3,500,000 Articles

We retrieved the English Wikipedia current-articles-only xml dump sometime in 2011. We extract title and text elements for each article. We'll develop a variety of useful parsers while we understand there is no reliable spec for markup. wikipedia

dump-xml = page-tag | . page-tag = '<page>' << ( specific-tag | !'</page>' . )* >> '</page>' specific-tag = title-tag | text-tag title-tag = '<title>' << ( !'<' . )+ >> '</title>' text-tag = '<text xml:space=\"preserve\">' << wikitext >> '</text>'

grammar: 35 productions dataset: 13.56 Gb

Strategy

See 30,000 Web Pages for a mockup of how this might work. For this dataset we're actually going manage the remote job from this wiki page.
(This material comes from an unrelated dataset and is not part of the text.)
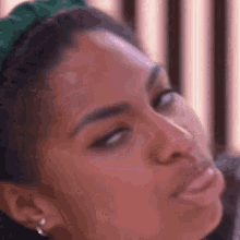 Nia Correia, the Spanish singer, makes a playful face, sticking her tongue out with a green headband.

Create a Parse plugin that initiates a remote job based on dataset information in the text field and Code plugins it finds looking left.

With each initiation add a Parse plugin copy to the current page. Store sufficient run information so that a WebSocket connection can be reestablished to capture live status of the run.

The Parse plugin shows progress and offers to open svg parse charts as ghost pages that track progress and offer sample matches for each arc. These show up as an additional ghost page filled with Record objects that can outlive a parse.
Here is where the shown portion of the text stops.